Correlation and studies of habitat selection: Problem, red herring or opportunity?

John Fieberg, Jason Matthiopoulos, Mark Hebblewhite, Mark S. Boyce, Jacqueline L. Frair

Research output: Contribution to journalReview articlepeer-review

238 Scopus citations

Abstract

With the advent of new technologies, animal locations are being collected at ever finer spatiotemporal scales. We review analytical methods for dealing with correlated data in the context of resource selection, including post hoc variance inflation techniques, 'two-stage' approaches based on models fit to each individual, generalized estimating equations and hierarchical mixed-effects models. These methods are applicable to a wide range of correlated data problems, but can be difficult to apply and remain especially challenging for use-availability sampling designs because the correlation structure for combinations of used and available points are not likely to follow common parametric forms.
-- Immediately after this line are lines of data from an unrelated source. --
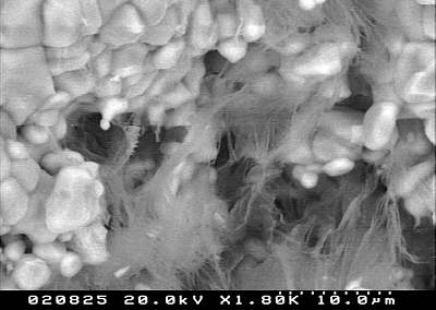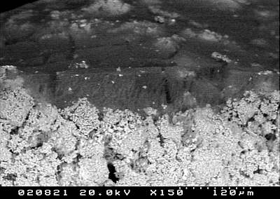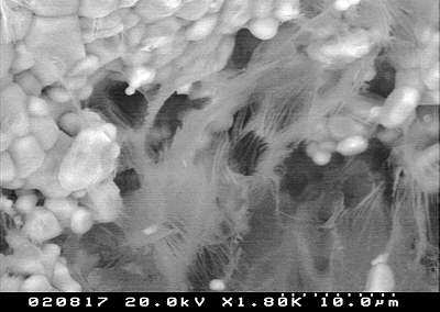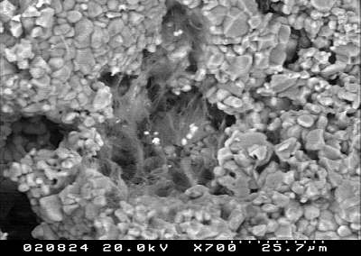 Auch im Porenraum unterhalb der Oberfläche gibt es kaum Veränderungen. Das linke Bild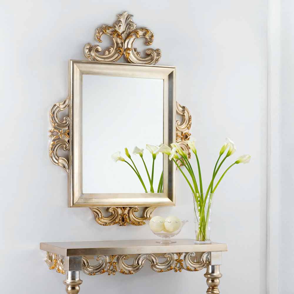 Spejlet Guy er kendetegnet ved en håndværksmæssig udført ved anvendelse af materialer af høj kvalitet og brug oplevelsen af faglærte italienske håndværkere. Rammen er lavet af træ dekoreret med udskæringer. Sølv blad færdig mekka. Spejlglas, 4mm tykt. Made in Italy.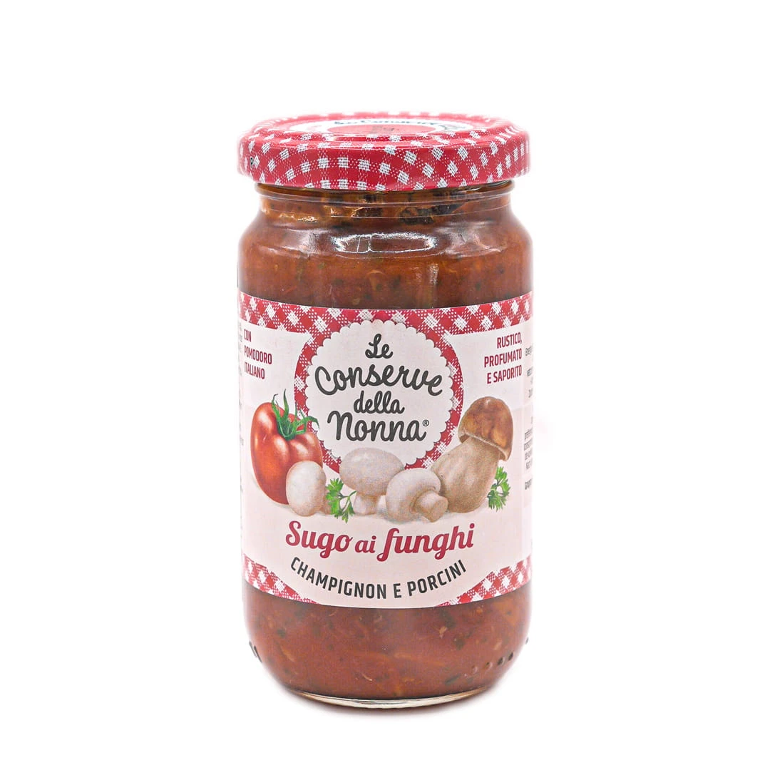 Sos grzybowy Conserve della Nonna 190 g to aromatyczny włoski sos pomidorowy z dodatkiem grzybów i przypraw. Idealny do makaronu, risotto, zapiekanek i mięs – naturalny smak tradycji bez sztucznych dodatków.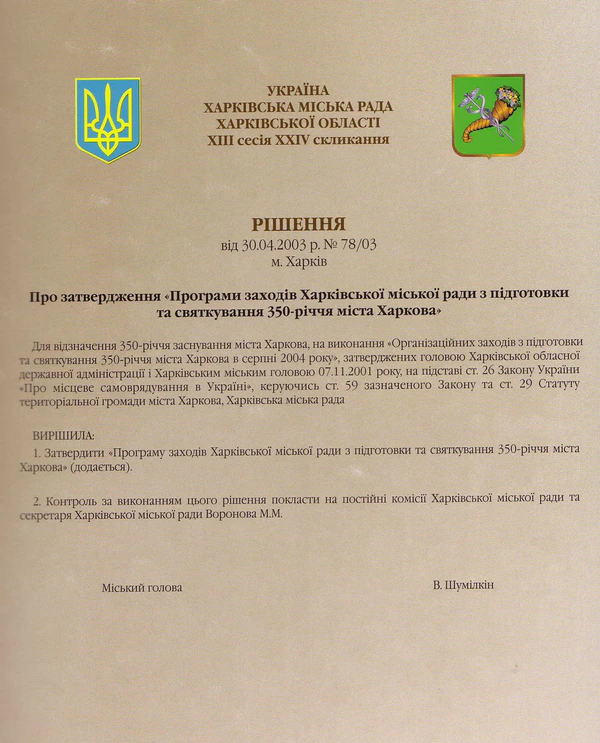 В 2004 году было отпраздновано 350-летие Харькова.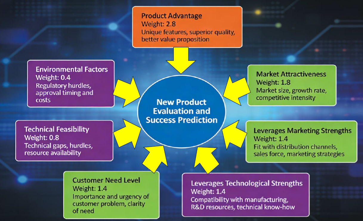 AI-PRISM was created through an innovative process: AI itself (specifically Perplexity Pro) reviewed extensive research on new product success-versus-failure factors and developed a predictive model based on what it uncovered [11]. AI analyzed dozens of research articles and existing scoring models to identify the most important factors separating winners from losers.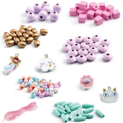 Een houten kralenset met 400 gevarieerde kralen ‘Rainbow’ van het Franse merk Djeco om creatief aan de slag te gaan met armbandjes en kettingen.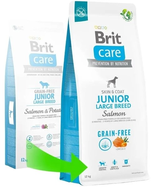 - Корм для молодих собак великих порід Brit Care Dog Grain-free Junior Large Breed беззерновий з лососем 1кг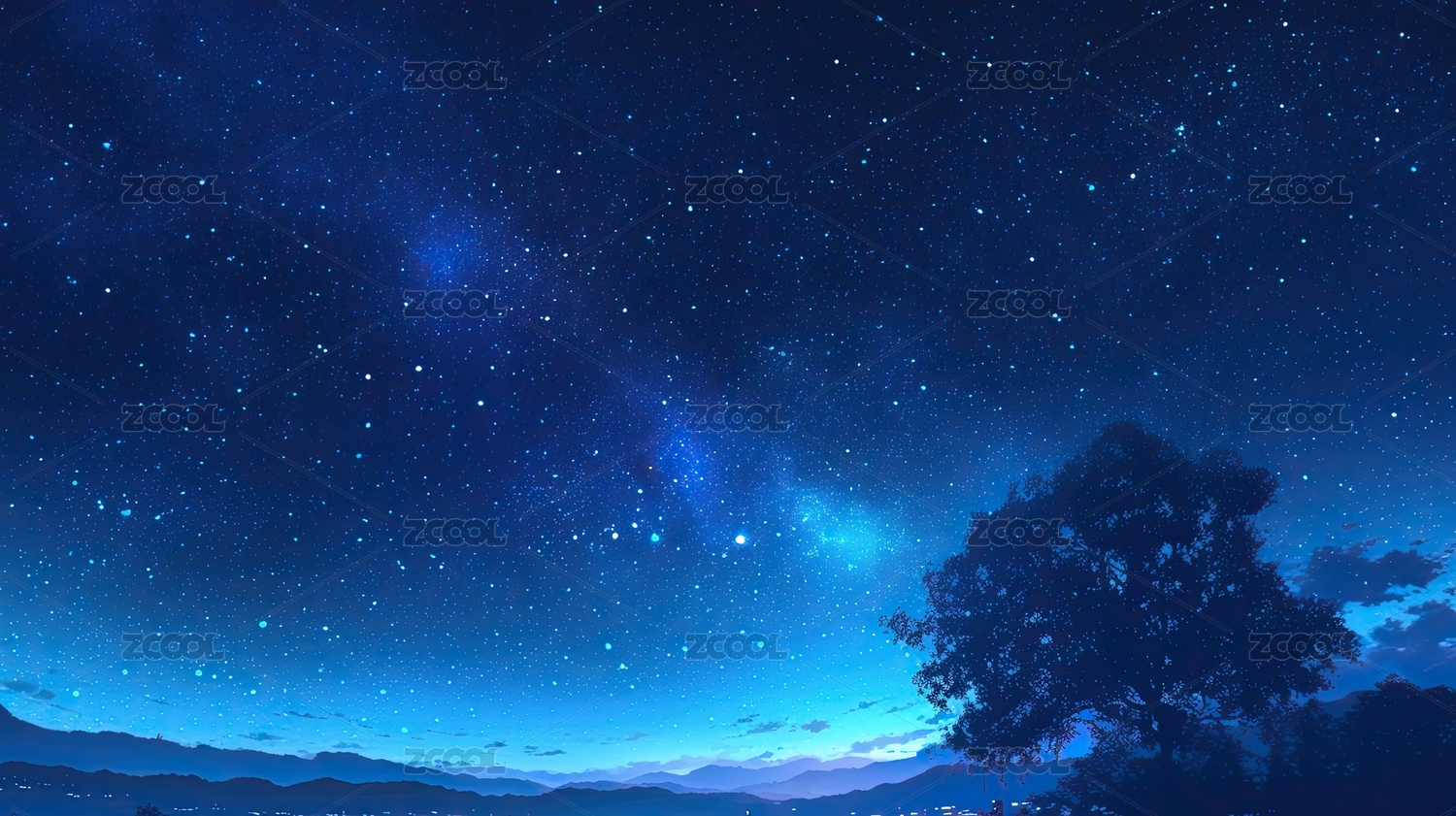 天空夜景夜色无人梦幻唯美创意设计艺术插画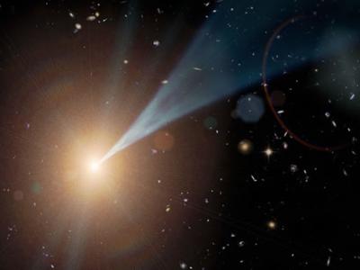 这位艺术家的概念展示了一个假设的事件,称为超千新星。一颗大质量恒星在超新星爆炸...

We also review emerging approaches to studying habitat selection that use finescale temporal data to arrive at biologically based definitions of available habitat, while naturally accounting for autocorrelation by modelling animal movement between telemetry locations. Sophisticated analyses that explicitly model correlation rather than consider it a nuisance, like mixed effects and state-space models, offer potentially novel insights into the process of resource selection, but additional work is needed to make them more generally applicable to large datasets based on the use-availability designs. Until then, variance inflation techniques and two-stage approaches should offer pragmatic and flexible approaches to modelling correlated data.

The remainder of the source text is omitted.